Writing raw data "signature" to disk without corrupting filesystem - c++

I am trying to create a program that will write a series of 10-30 letters/numbers to a disk in raw format (not to a file that the OS will read). Perhaps to make my attempt clearer, if you were to open the disk in a hex editor, you would see the 10-30 letters/numbers but a file manager such as Windows Explorer would not see it (because the data is not a file).
My goal is to be able to "sign" a disk with a series of characters and to be able to read and write that "signature" in my program. I understand NTFS signs its partitions with a NTFS flag as do other file systems and I have to be careful to not write my signature to any of those critical parts.
Are there any libraries in C++/C that could help me write at a low level to a disk and how will I know a safe sector to start writing my signature to? To narrow this down, it only needs to be able to write to NTFS, FAT, FAT32, FAT16 and exFAT file systems and run on Windows. Any links or references are greatly appreciated!
Edit: After some research, USB drives allow only 1 partition without applying hacking tricks that would unfold further problems for the user. This rules out the "partition idea" unfortunately.

First, as the commenters said, you should look at why you're trying to do this, and see if it's really a good idea. Most apps which try to circumvent the normal UI the user has for using his/her computer are "bad", in various ways.
That said, you could try finding a well-known file which will always be on the system and has some slack in the block size for the disk, and write to the slack. I don't think most filesystems would care about extra data in the slack, and it would probably even be copied if the file happens to be relocated (more efficient to copy the whole block at the disk level).
Just a thought; dunno how feasible it would be, but seems like it could work in theory.

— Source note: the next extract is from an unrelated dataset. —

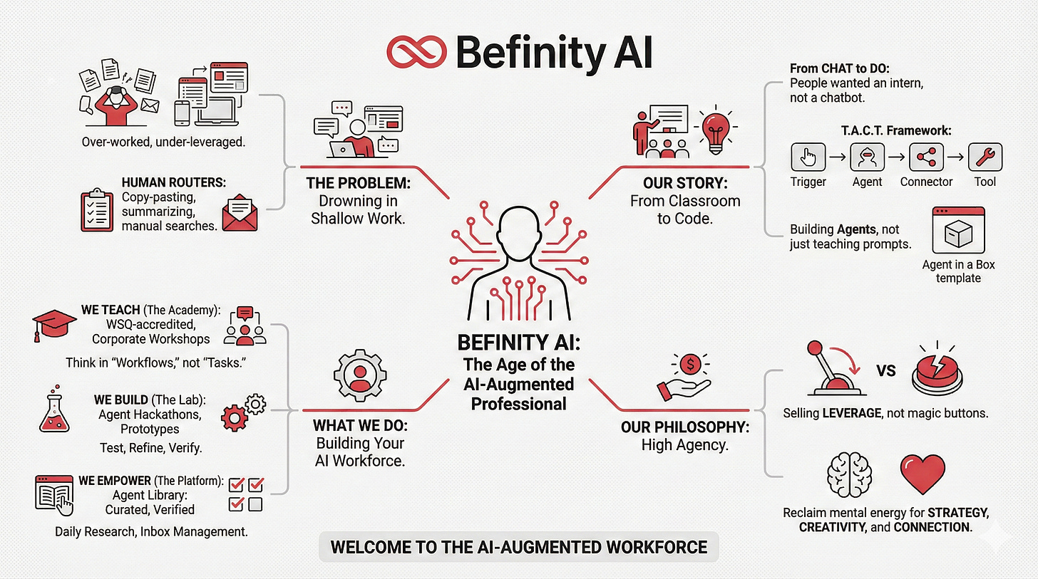 1. We Teach (The Academy) Through our WSQ-accredited courses and corporate workshops, we train teams to think in “Workflows,” not just “Tasks.” We turn employees into AI Architects.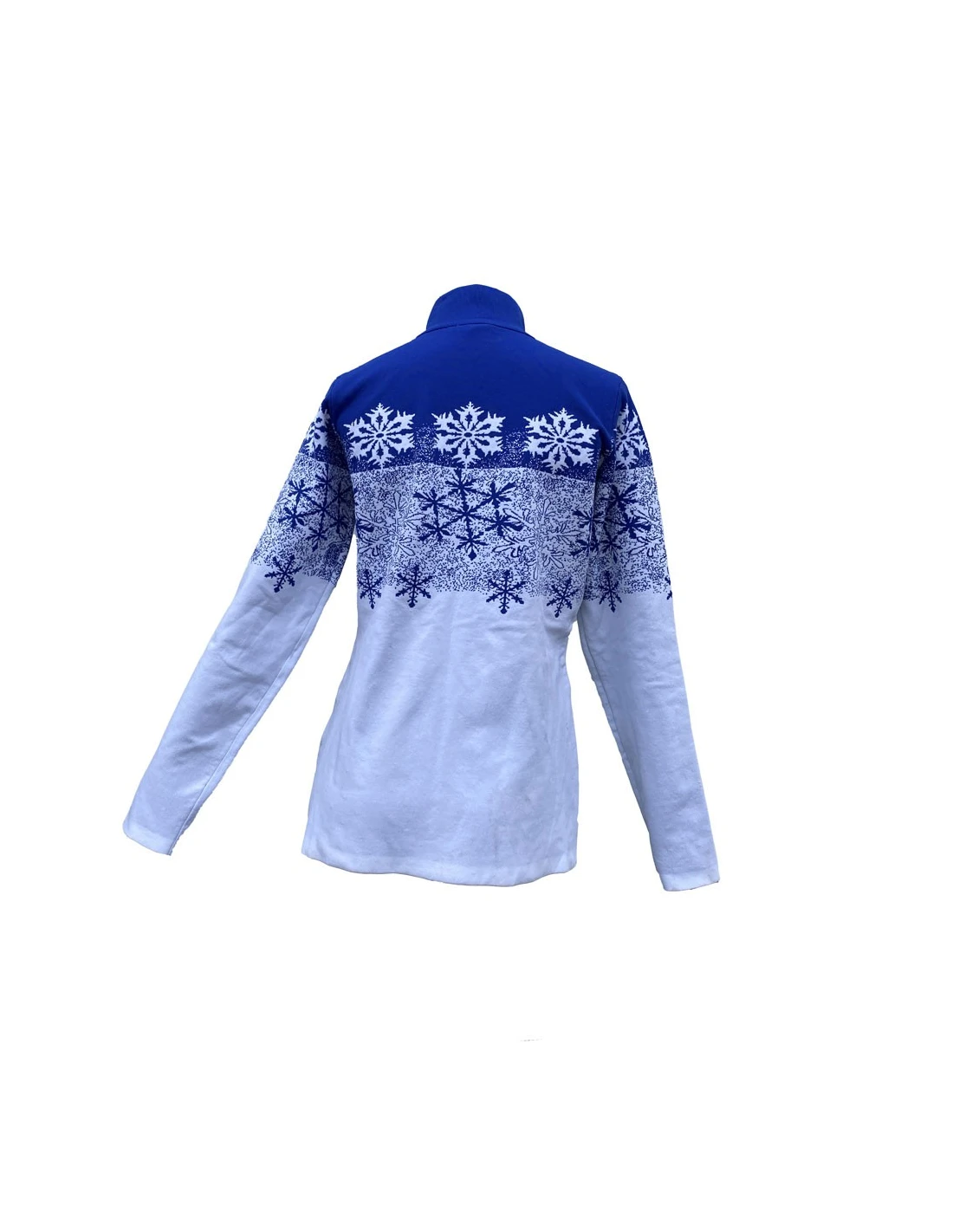 Die Weste hat einen Reißverschluss, der durch den Stehkragen geht. Das Wintermuster rundet die Strickjacke ab.

Though I think this is generally a pretty poor idea, the obvious way to do it would be to mark a cluster as "bad", then use it for your own purposes.
Problems with that:
Marking it as bad is non-trivial (on NTFS bad clusters are stored in a file named something like $BadClus, but it's not accessible to user code (and I'm not even sure it's accessible to a device driver either).
There are various programs to scan for (and attempt to repair) bad clusters/sectors. Since we don't even believe this one is really bad, almost any of these that works at all will find that it's good and put it back into use.
Most of the reasons people think of doing things like this (like tying a particular software installation to a particular computer) are pretty silly anyway.
You'd have to scan through all the "bad" sectors to see if any of them contained your signature.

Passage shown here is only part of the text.